# [Records for processing]
··········
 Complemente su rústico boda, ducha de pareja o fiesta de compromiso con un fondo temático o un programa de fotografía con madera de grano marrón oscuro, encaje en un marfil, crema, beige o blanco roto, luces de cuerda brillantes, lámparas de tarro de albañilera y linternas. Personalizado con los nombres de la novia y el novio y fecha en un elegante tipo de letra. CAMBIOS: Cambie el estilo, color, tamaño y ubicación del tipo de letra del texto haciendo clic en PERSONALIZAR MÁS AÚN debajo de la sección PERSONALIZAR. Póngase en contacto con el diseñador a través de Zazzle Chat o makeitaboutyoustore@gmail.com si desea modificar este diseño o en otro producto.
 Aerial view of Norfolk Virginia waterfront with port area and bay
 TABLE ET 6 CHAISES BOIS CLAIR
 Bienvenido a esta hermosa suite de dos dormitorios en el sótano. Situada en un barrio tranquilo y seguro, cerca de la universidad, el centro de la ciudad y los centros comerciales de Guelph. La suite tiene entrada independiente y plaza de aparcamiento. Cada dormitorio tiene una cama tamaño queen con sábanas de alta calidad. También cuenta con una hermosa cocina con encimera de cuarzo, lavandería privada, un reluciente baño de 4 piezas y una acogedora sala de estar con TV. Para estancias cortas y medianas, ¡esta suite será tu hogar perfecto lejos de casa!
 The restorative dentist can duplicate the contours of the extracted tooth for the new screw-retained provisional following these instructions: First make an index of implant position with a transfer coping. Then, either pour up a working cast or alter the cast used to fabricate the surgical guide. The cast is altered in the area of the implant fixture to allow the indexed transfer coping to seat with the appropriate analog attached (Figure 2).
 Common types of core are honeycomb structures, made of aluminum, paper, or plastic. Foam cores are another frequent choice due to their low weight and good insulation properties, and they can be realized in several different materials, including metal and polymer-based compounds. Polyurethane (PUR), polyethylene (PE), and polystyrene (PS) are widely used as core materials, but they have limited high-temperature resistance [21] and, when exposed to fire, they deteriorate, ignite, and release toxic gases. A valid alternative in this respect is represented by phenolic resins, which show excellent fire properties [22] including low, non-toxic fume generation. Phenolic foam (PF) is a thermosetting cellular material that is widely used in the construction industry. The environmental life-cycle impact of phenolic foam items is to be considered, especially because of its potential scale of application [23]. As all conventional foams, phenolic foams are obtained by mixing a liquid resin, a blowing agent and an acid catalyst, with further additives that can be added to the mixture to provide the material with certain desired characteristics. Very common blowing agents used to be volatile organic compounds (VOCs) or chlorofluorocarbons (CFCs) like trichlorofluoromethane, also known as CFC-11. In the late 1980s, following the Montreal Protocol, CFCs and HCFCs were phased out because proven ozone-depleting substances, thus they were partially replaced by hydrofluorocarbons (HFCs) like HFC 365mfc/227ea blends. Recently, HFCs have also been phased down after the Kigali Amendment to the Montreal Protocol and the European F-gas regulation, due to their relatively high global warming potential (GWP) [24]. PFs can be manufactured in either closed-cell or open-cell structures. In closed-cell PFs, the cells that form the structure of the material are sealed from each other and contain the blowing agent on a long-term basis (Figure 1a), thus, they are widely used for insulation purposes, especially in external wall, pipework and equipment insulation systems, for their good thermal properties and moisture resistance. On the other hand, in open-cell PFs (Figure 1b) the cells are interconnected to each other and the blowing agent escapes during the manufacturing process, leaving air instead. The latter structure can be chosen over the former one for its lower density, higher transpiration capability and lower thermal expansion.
··········
# [Task item]
When you reach the line that contains "Aerial view of", stop; output it and every line before it from the start of the data, exactly as written.

# [Answer box]
 Complemente su rústico boda, ducha de pareja o fiesta de compromiso con un fondo temático o un programa de fotografía con madera de grano marrón oscuro, encaje en un marfil, crema, beige o blanco roto, luces de cuerda brillantes, lámparas de tarro de albañilera y linternas. Personalizado con los nombres de la novia y el novio y fecha en un elegante tipo de letra. CAMBIOS: Cambie el estilo, color, tamaño y ubicación del tipo de letra del texto haciendo clic en PERSONALIZAR MÁS AÚN debajo de la sección PERSONALIZAR. Póngase en contacto con el diseñador a través de Zazzle Chat o makeitaboutyoustore@gmail.com si desea modificar este diseño o en otro producto.
 Aerial view of Norfolk Virginia waterfront with port area and bay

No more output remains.